Action item: Down to the final line, write out the material beneath exactly, without pictures.

Data block:
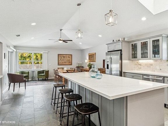 Don't miss this rare opportunity to own an exquisite estate in one of Wellington's most desirable neighborhoods, Meadow Wood. This 4 bedroom pool home exudes elegance and sophistication, offering the perfect combination of luxury and comfort. The property is over half acre with oversized circular driveway, located on a quiet cul-de-sac. This home features an open and airy floor plan, high ceilings, and large windows that flood the interiors with natural light. The chef's kitchen is a highlight, boasting top-of-the-line stainless steel appliances, quartz countertops, a large center island, and custom cabinetry. The primary bedroom is a true retreat and a lavish en-suite bathroom featuring dual vanities and a separate glass-enclosed shower. Multiple living & dining areas, family room and a cozy den provide ample space for relaxation and gatherings. Step outside to your private backyard oasis. The screened-in oversized patio area, fenced pool and beautifully landscaped yard offer a serene setting for outdoor entertaining. Many upgrades include newer roof 2021, remodeled kitchen & new appliances 2019, new tiles 2019, freshly painted exterior 2024, Washer & Dryer 2023, hurricane rated garage doors 2021 and much more! Very low HOA and close to top A rated Wellington schools, parks, WEF, shopping, and dining.
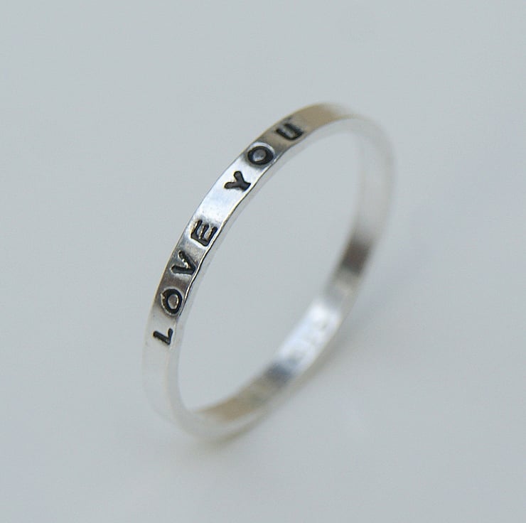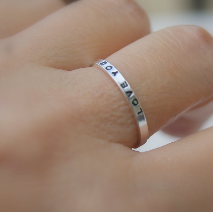 Personalised Ring, Silver stacking ring, 2mm Hand Stamped Band
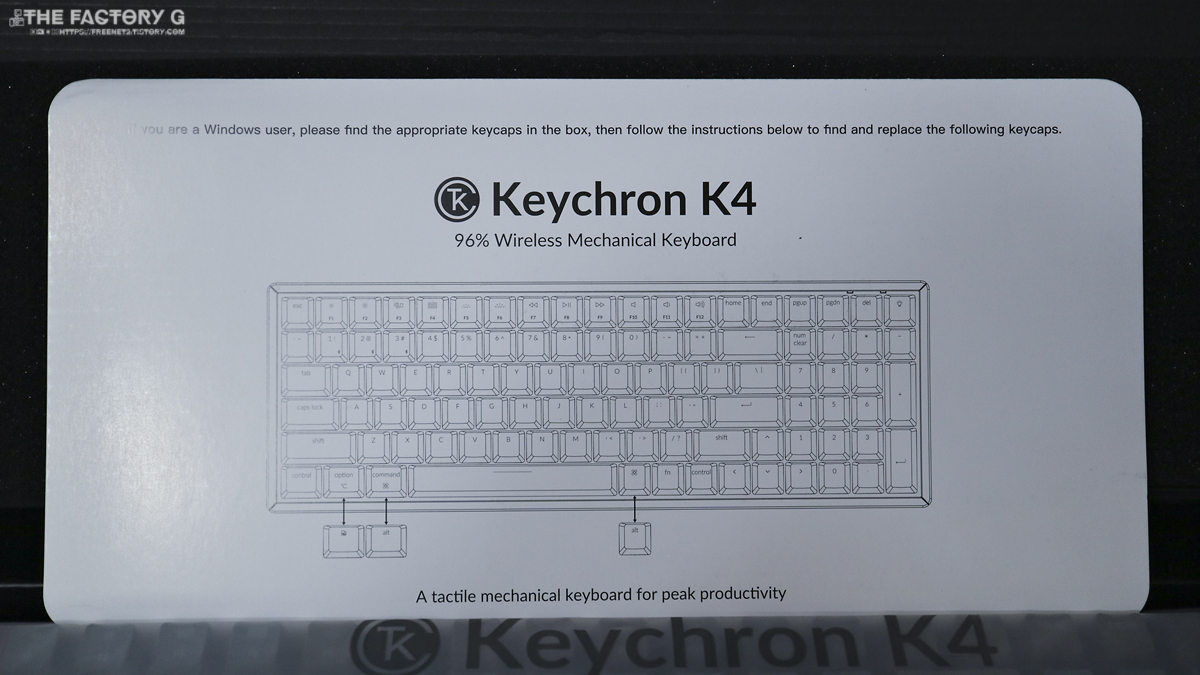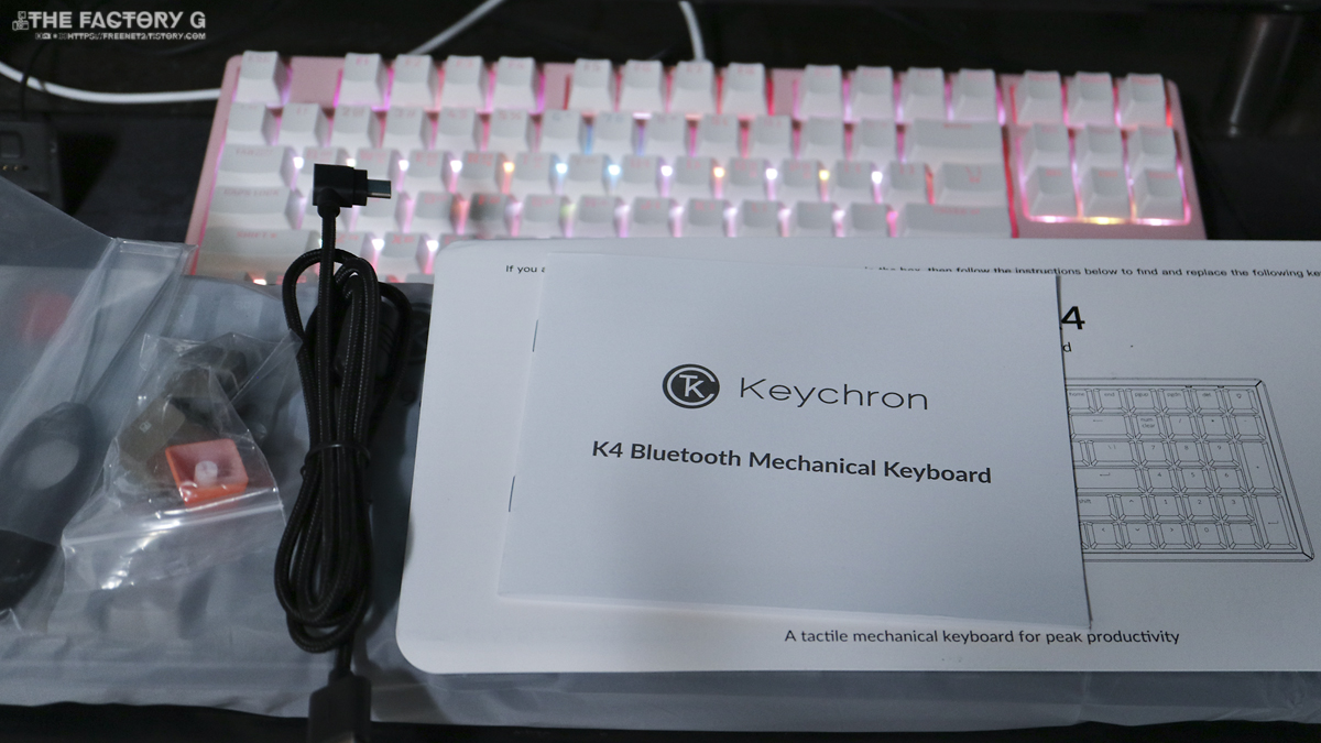 구성품으로는 키보드 본체(맥용 커맨트키 장착), 키캡 리무버, 윈도우 커맨드키,

Output:
 Don't miss this rare opportunity to own an exquisite estate in one of Wellington's most desirable neighborhoods, Meadow Wood. This 4 bedroom pool home exudes elegance and sophistication, offering the perfect combination of luxury and comfort. The property is over half acre with oversized circular driveway, located on a quiet cul-de-sac. This home features an open and airy floor plan, high ceilings, and large windows that flood the interiors with natural light. The chef's kitchen is a highlight, boasting top-of-the-line stainless steel appliances, quartz countertops, a large center island, and custom cabinetry. The primary bedroom is a true retreat and a lavish en-suite bathroom featuring dual vanities and a separate glass-enclosed shower. Multiple living & dining areas, family room and a cozy den provide ample space for relaxation and gatherings. Step outside to your private backyard oasis. The screened-in oversized patio area, fenced pool and beautifully landscaped yard offer a serene setting for outdoor entertaining. Many upgrades include newer roof 2021, remodeled kitchen & new appliances 2019, new tiles 2019, freshly painted exterior 2024, Washer & Dryer 2023, hurricane rated garage doors 2021 and much more! Very low HOA and close to top A rated Wellington schools, parks, WEF, shopping, and dining.
 Personalised Ring, Silver stacking ring, 2mm Hand Stamped Band
 구성품으로는 키보드 본체(맥용 커맨트키 장착), 키캡 리무버, 윈도우 커맨드키,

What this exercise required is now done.